A batch of fuzzy, cinnamon-colored ducklings successfully hatched in Madagascar could be the key, wildlife experts say, to saving the "world's rarest bird" from going extinct.
Eighteen Madagascar pochard ducklings were born in captivity and are now being reared at a specially built center in Antsohihy, Madagascar, the BBC reports. The ducklings are the next generation in a breed of birds thought to have gone extinct until conservationists spotted 22 of them at Lake Matsaborimena in northern Madagascar in 2006.
From that sighting, conservationists were able to collect 24 eggs which they bred in captivity, first in a hotel bathroom and then in the specially-built captive breeding center where the ducklings now reside, according to the BBC.

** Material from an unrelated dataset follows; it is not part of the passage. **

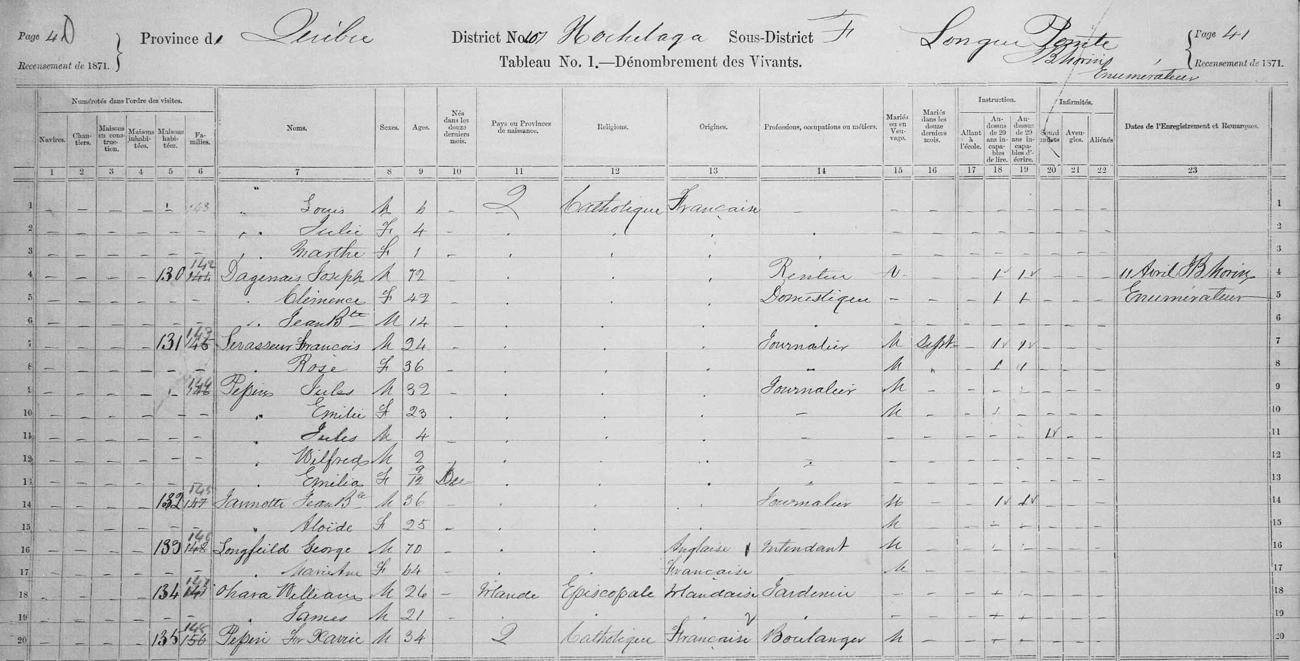 I decided to start with Jules, my grandfather’s grandfather, because if I couldn’t prove he was born in Canada, the rest of the application was pointless. The 1871 Canadian Census record, linked to Jules on FS, indicated he was 4 years old at the time. Aha, so now we had a birth year – Jules was likely born in 1866/67! The census record also showed the family was living in the district of Hochelaga, neighborhood of Longue-Pointe. A Google map search revealed this area is essentially in the city of Montréal!

The center is operated by the Wildfowl and Wetlands Trust and Durrell Wildlife Conservation Trust, two Europe-based conservation organizations that launched an emergency effort to save the species in 2009.
"The ducklings represent an incredible step forward in the fight to save the pochard from extinction," Dr Glyn Young, a conservation biologist with Durrell, told the BBC. "The arrival of these ducklings has led to real hope that the birds can one day flourish again."
Because the species remains vulnerable to extinction, conservationists won't celebrate the ducklings' birth for too long. Instead they'll go back to studying the population closely to better understand why the species declined and how the new birds can best be released back into their natural habitat to survive, according to the BBC.
The goal is to release at least some of the captive-bred pochards back into the wild sometime next year.